### EXERCISE DIRECTIONS:
From the entries below, print exactly the span beginning with the line holding "Liewood Ako snack" and ending with the line holding "Reverberation A simple", endpoints included, and skip any pictures.

### DATA EXCERPTS:
....................

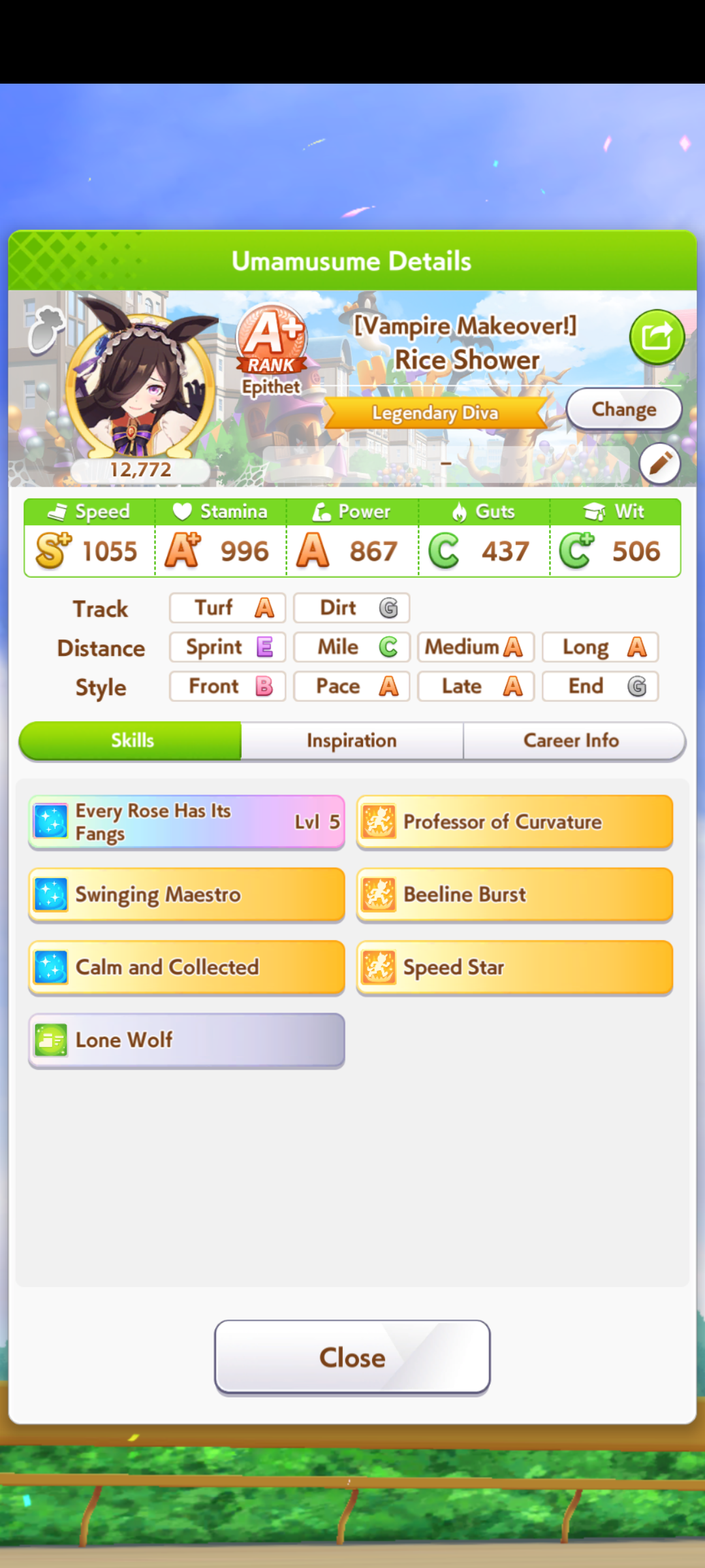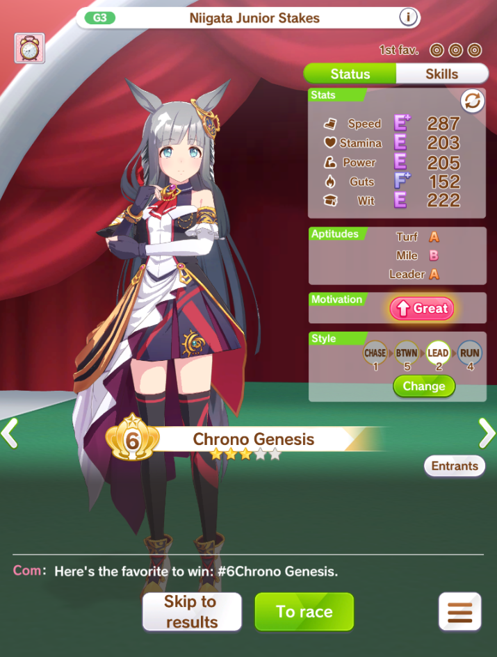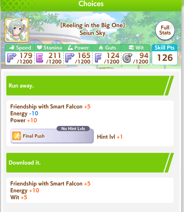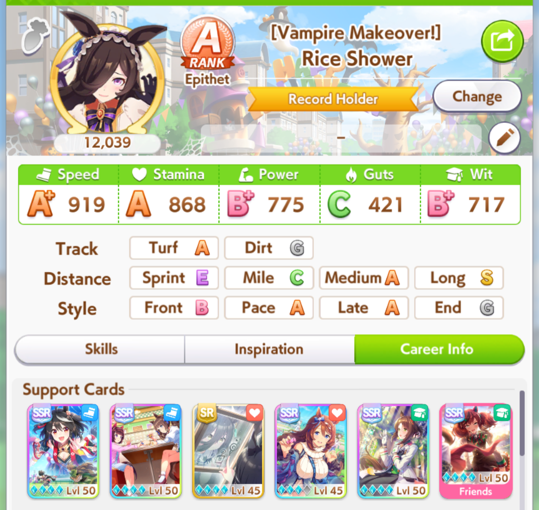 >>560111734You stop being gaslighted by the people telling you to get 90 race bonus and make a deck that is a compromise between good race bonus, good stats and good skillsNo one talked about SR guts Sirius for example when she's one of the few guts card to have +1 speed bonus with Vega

....................

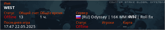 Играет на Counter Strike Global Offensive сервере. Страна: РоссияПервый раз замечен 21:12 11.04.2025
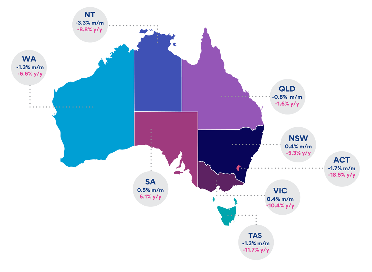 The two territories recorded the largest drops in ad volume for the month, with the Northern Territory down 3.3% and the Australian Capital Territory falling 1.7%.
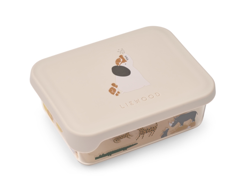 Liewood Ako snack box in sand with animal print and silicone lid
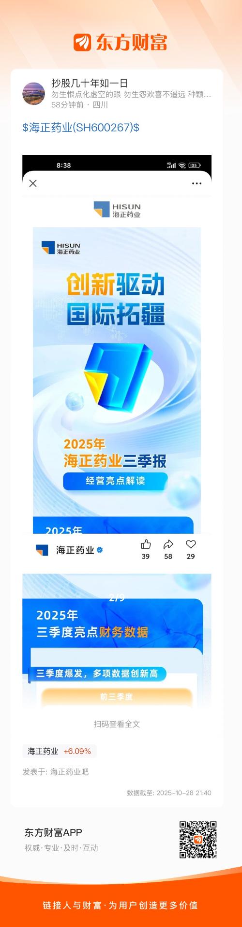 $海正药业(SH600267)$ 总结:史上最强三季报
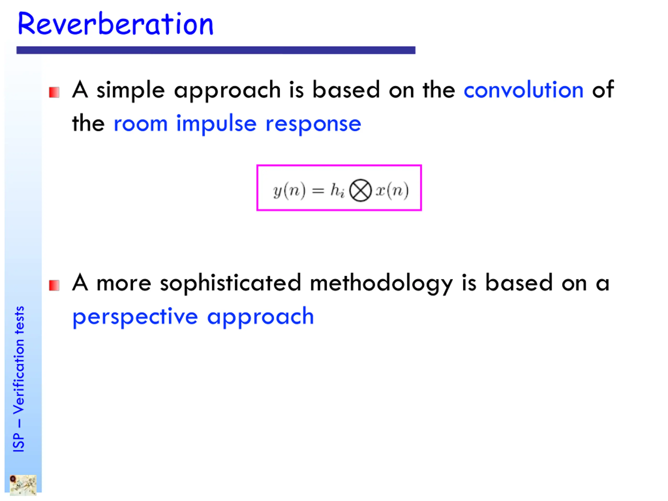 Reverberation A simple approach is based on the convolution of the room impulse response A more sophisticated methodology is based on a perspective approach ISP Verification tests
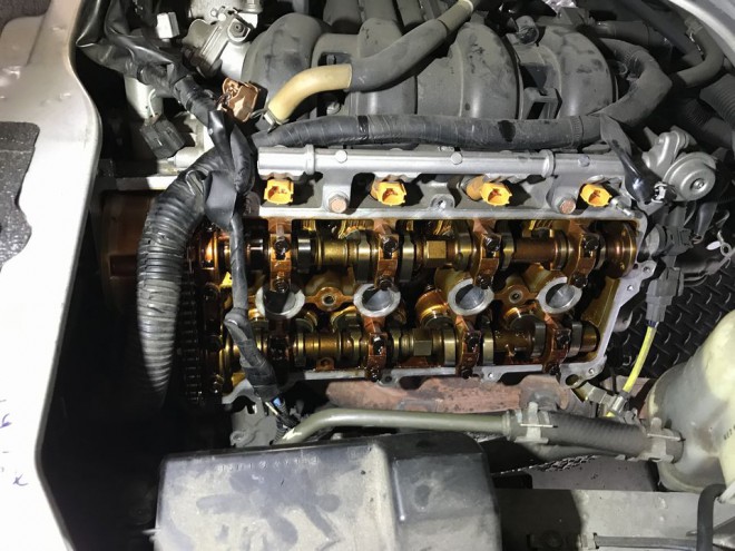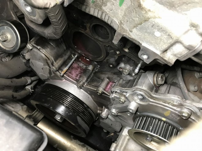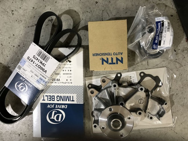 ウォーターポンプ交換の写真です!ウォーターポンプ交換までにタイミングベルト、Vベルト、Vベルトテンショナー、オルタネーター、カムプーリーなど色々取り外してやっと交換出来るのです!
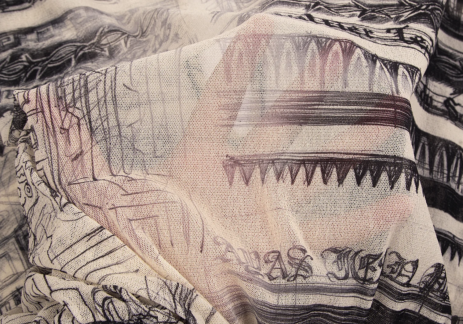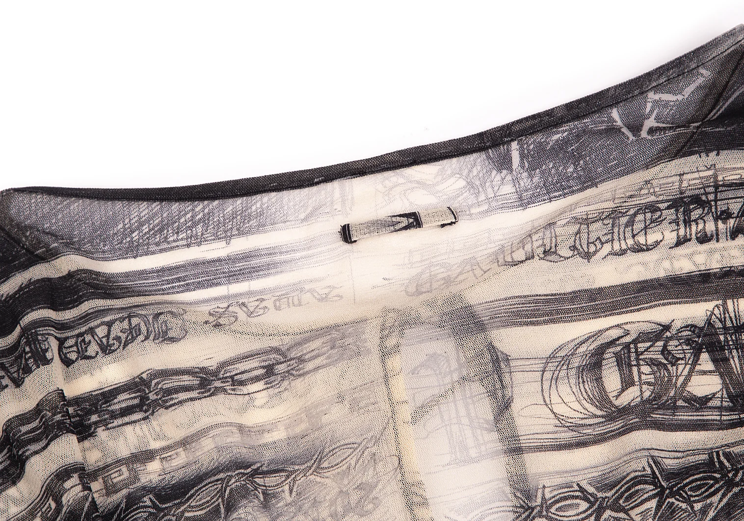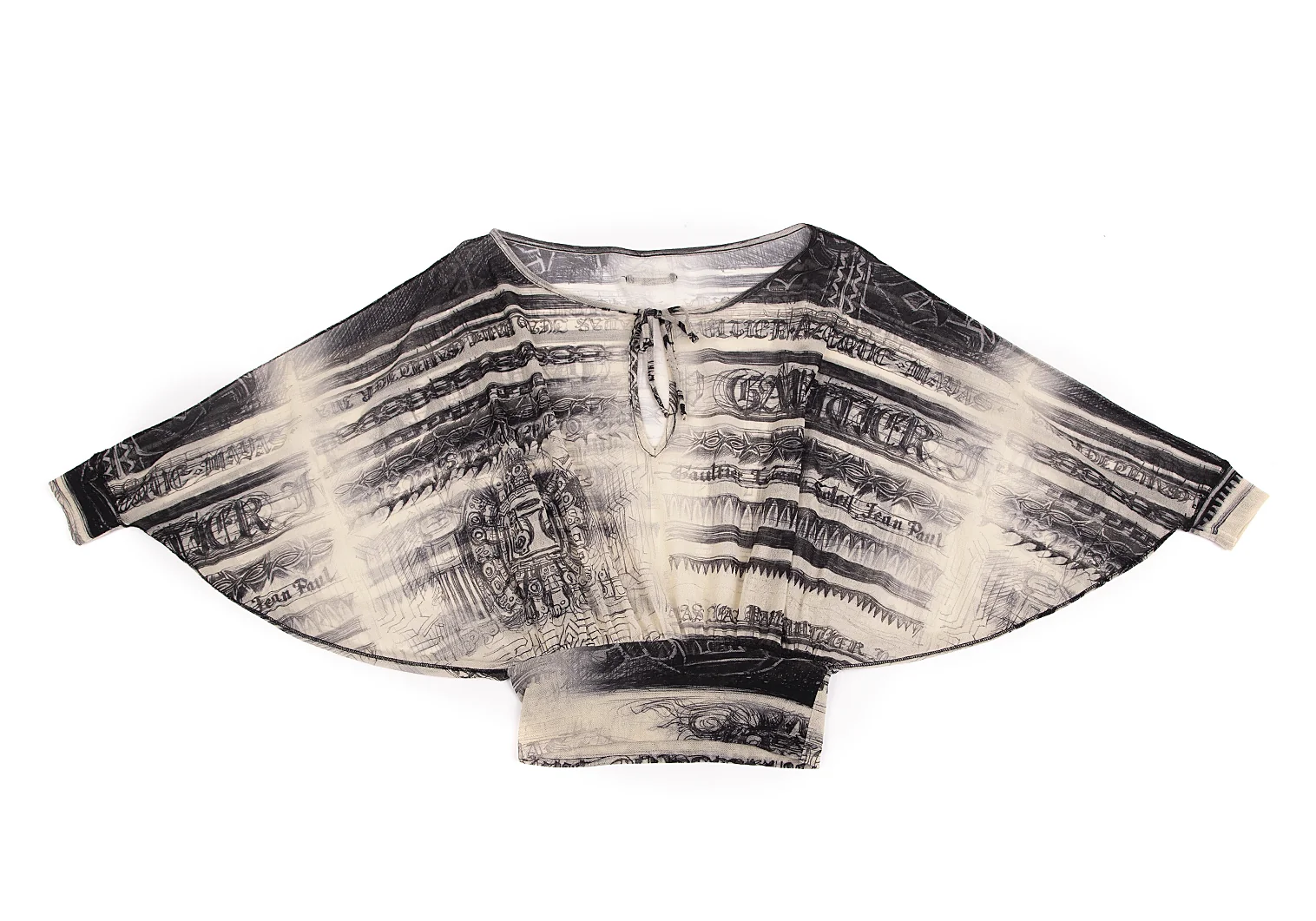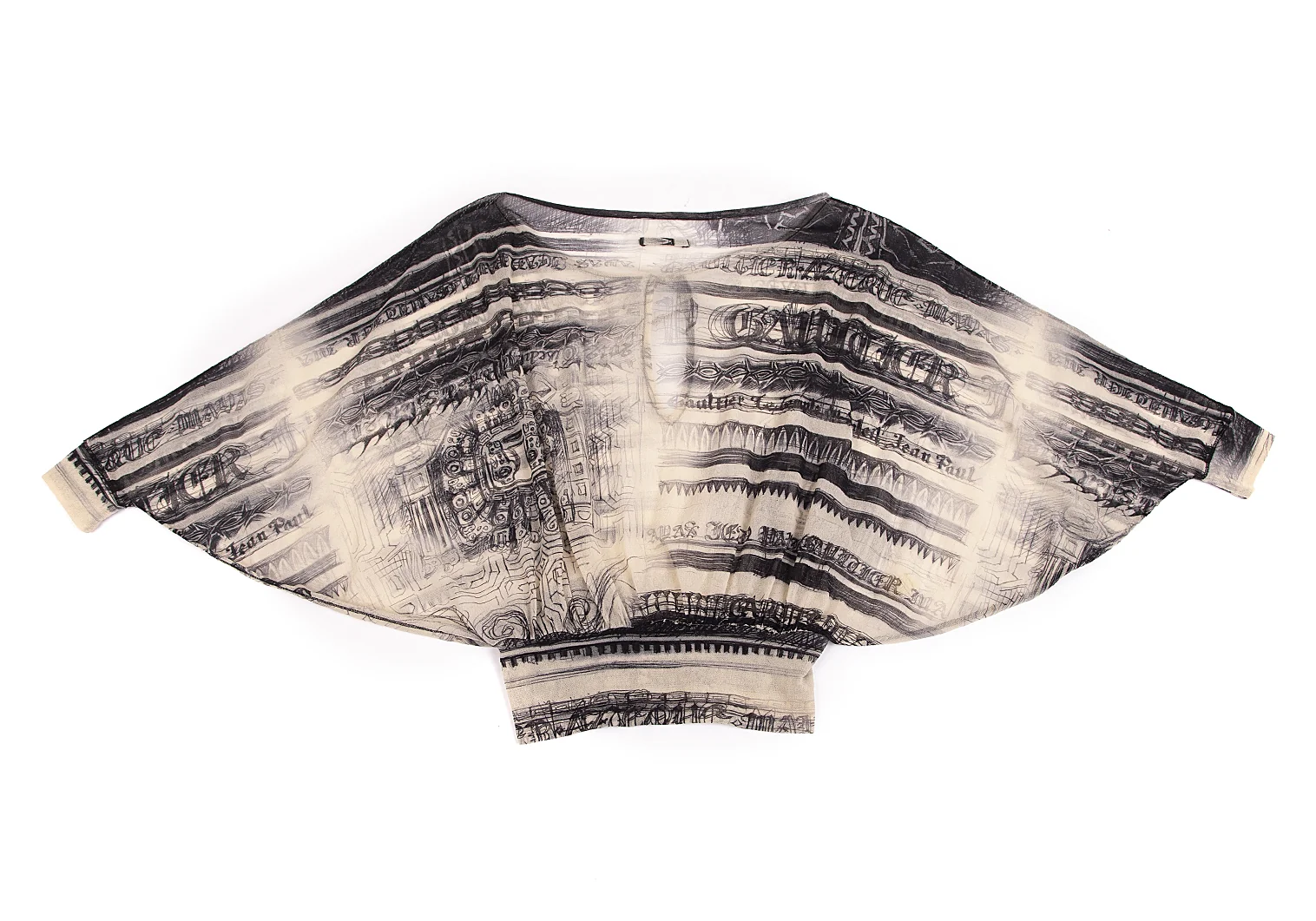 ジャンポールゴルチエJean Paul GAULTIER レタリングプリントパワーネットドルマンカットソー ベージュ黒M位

....................

### RESPONSE AREA:
 Liewood Ako snack box in sand with animal print and silicone lid
 $海正药业(SH600267)$ 总结:史上最强三季报
 Reverberation A simple approach is based on the convolution of the room impulse response A more sophisticated methodology is based on a perspective approach ISP Verification tests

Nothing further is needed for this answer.